Trenta anni dall’immane tragedia di Chernobyl. Anche il Trieste Film Festival ha voluto dar rilievo all’amara ricorrenza, proiettando la sera del 23 gennaio un film, La supplication (ossia Voices from Chernobyl), la cui visione non può che lasciare pesanti strascichi nella coscienza degli spettatori. Diretto dal film-maker lussemburghese Pol Cruchten, questo crudele e sincero apologo sui destini, terrificanti, atroci, cui sono andati incontro coloro che vennero esposti alle radiazioni, si basa del resto su un testo di notevolissimo impatto come quello della scrittrice bielorussa Svetlana Aleksievič, premiata con il Nobel per la letteratura nel 2015. Cronista che ha saputo raccontare con toni sempre molto umani aspetti emblematici della vita oltre cortina, dalla condizione di assoluto disagio sperimentata dai reduci della guerra in Afghanistan fino ai suicidi in serie avvenuto dopo lo scioglimento dell’Urss, la Aleksievič ha saputo dar voce in Preghiera per Chernobyl (libro tradotto in tantissime lingue, tra cui l’italiano), tanto alle vittime del disastro che ai loro cari, vite spezzate da una catastrofe il cui peso divenne ancora più schiacciante per le negligenze e i cinici calcoli facilmente attribuibili alle autorità sovietiche. Questo mosaico di vibranti testimonianze, questa collana di voci e storie strazianti, ha valso poi da guida al dolente poema visivo di Pol Cruchten, le cui immagini essenziali e potenti ci accompagnano direttamente, tra l’altro, sul luogo del disastro.
La città fantasma di Pripyat, Chernobyl con il vecchio reattore, i sinistri paesaggi di località abbandonate da anni e all’epoca teatro di morte hanno fatto da sfondo alle riprese di un film a suo modo eccezionale, dove la natura violata e contaminata, assieme ai manufatti dell’uomo lasciati lì ad arrugginire (le inquietanti immagini del luna park, per esempio), è un qualcosa che assurge a monito nonché a cartolina speditaci da un possibile futuro dell’umanità, che vorremmo a tutti i costi scongiurare.
Mentre una voce fuori campo, in francese, (scelta per certi versi straniante, che fa riecheggiare subito nella nostra memoria di spettatori il capolavoro di Resnais, Hiroshima mon amour), riporta le allucinanti testimonianze di chi ha vissuto in prima persona l’orrore di Chernobyl, figure umane essenziali (tra cui l’attrice russa Dinara Drukarova, chiamata a interpretare più personaggi) e dal volto spento, addolorato, ne materializzano sullo schermo il ricordo.

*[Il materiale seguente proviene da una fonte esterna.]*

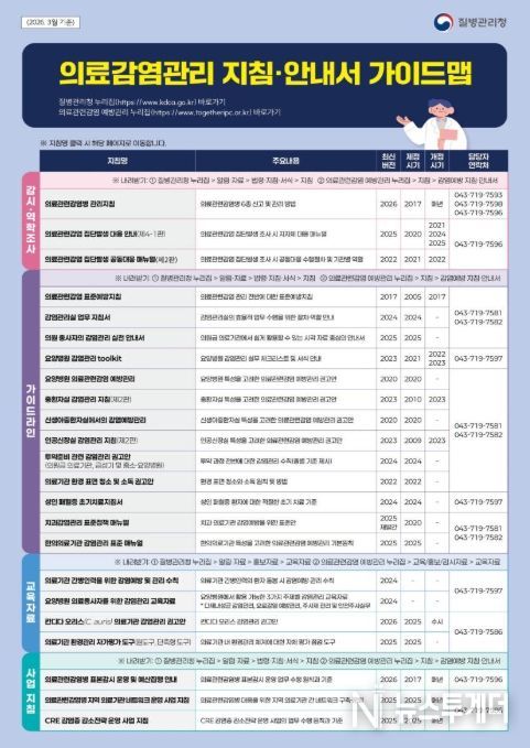 뉴스투게더 김인숙 기자 | 질병관리청은 의료기관 현장에서 활용할 수 있는 '의료감염관리 지침·안내서 가이드맵'을 제작·배포한다.

Diversi i racconti che colpiscono al cuore lo spettatore, tra questi ci ha nuovamente impressionato quello dell’uomo che, nonostante l’ordine dato dopo l’incidente di abbandonare nelle case gli animali e qualsiasi oggetto personale (per via, ovviamente, della radiazioni assorbite), volle portarsi dietro la vecchia porta d’ingresso, dove erano stati deposti i propri famigliari deceduti, in passato; e dove di lì a breve sarebbero stati deposti altri cadaveri, purtroppo…
Una storia, questa, che per la cronaca aveva già ispirato un bel cortometraggio di produzione irlandese candidato all’Oscar diversi anni fa, The Door di Juanita Wilson.